Department of Biology, University of North Carolina, Chapel Hill, Chapel Hill, NC, United States of America.
Environment, Ecology and Energy Program, University of North Carolina, Chapel Hill, Chapel Hill, NC, United States of America.
PLoS One. 2023 May 16;18(5):e0285129. doi: 10.1371/journal.pone.0285129. eCollection 2023.
Host individuals are commonly coinfected with multiple parasite species that may interact to shape within-host parasite community structure. In addition to within-host species interactions, parasite communities may also be structured by other processes like dispersal and ecological drift. The timing of dispersal (in particular, the temporal sequence in which parasite species infect a host individual) can alter within-host species interactions, setting the stage for historical contingency by priority effects, but how persistently such effects drive the trajectory of parasite community assembly is unclear, particularly under continued dispersal and ecological drift. We tested the role of species interactions under continued dispersal and ecological drift by simultaneously inoculating individual plants of tall fescue with a factorial combination of three symbionts (two foliar fungal parasites and a mutualistic endophyte), then deploying the plants in the field and tracking parasite communities as they assembled within host individuals. In the field, hosts were exposed to continued dispersal from a common pool of parasites, which should promote convergence in the structure of within-host parasite communities.

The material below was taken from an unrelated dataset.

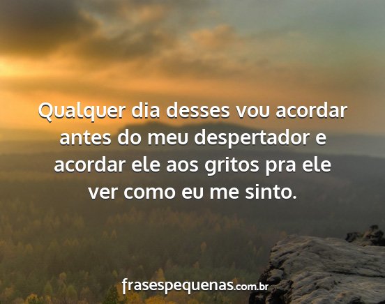 Qualquer dia desses vou acordar antes do meu despertador e acordar ele aos gritos pra ele ver como eu me sinto.

Yet, analysis of parasite community trajectories found no signal of convergence. Instead, parasite community trajectories generally diverged from each other, and the magnitude of divergence depended on the initial composition of symbionts within each host, indicating historical contingency. Early in assembly, parasite communities also showed evidence of drift, revealing another source of among-host divergence in parasite community structure. Overall, these results show that both historical contingency and ecological drift contributed to divergence in parasite community assembly within hosts.
宿主个体通常会同时感染多种寄生虫物种,这些寄生虫可能会相互作用,从而影响宿主内寄生虫群落的结构。除了宿主内物种相互作用外,寄生虫群落的结构还可能受到其他过程的影响,如扩散和生态漂变。扩散的时间(特别是寄生虫物种感染宿主个体的时间顺序)会改变宿主内物种相互作用,为优先效应下的历史偶然性创造条件,但这些效应持续驱动寄生虫群落组装轨迹的方式尚不清楚,特别是在持续的扩散和生态漂变下。我们通过同时向高羊茅个体接种三种共生体(两种叶部真菌寄生虫和一种互利共生内生真菌)的因子组合,测试了在持续扩散和生态漂变下物种相互作用的作用,然后将这些植物部署在野外,并跟踪寄生虫群落在宿主个体内的组装情况。在野外,宿主会受到来自共同寄生虫库的持续扩散的影响,这应该会促进宿主内寄生虫群落结构的趋同。然而,对寄生虫群落轨迹的分析没有发现趋同的信号。相反,寄生虫群落轨迹通常彼此发散,发散的幅度取决于每个宿主内共生体的初始组成,这表明存在历史偶然性。在组装的早期,寄生虫群落也显示出漂变的证据,这揭示了寄生虫群落结构中宿主间发散的另一个来源。总的来说,这些结果表明,历史偶然性和生态漂变都导致了宿主内寄生虫群落组装的发散。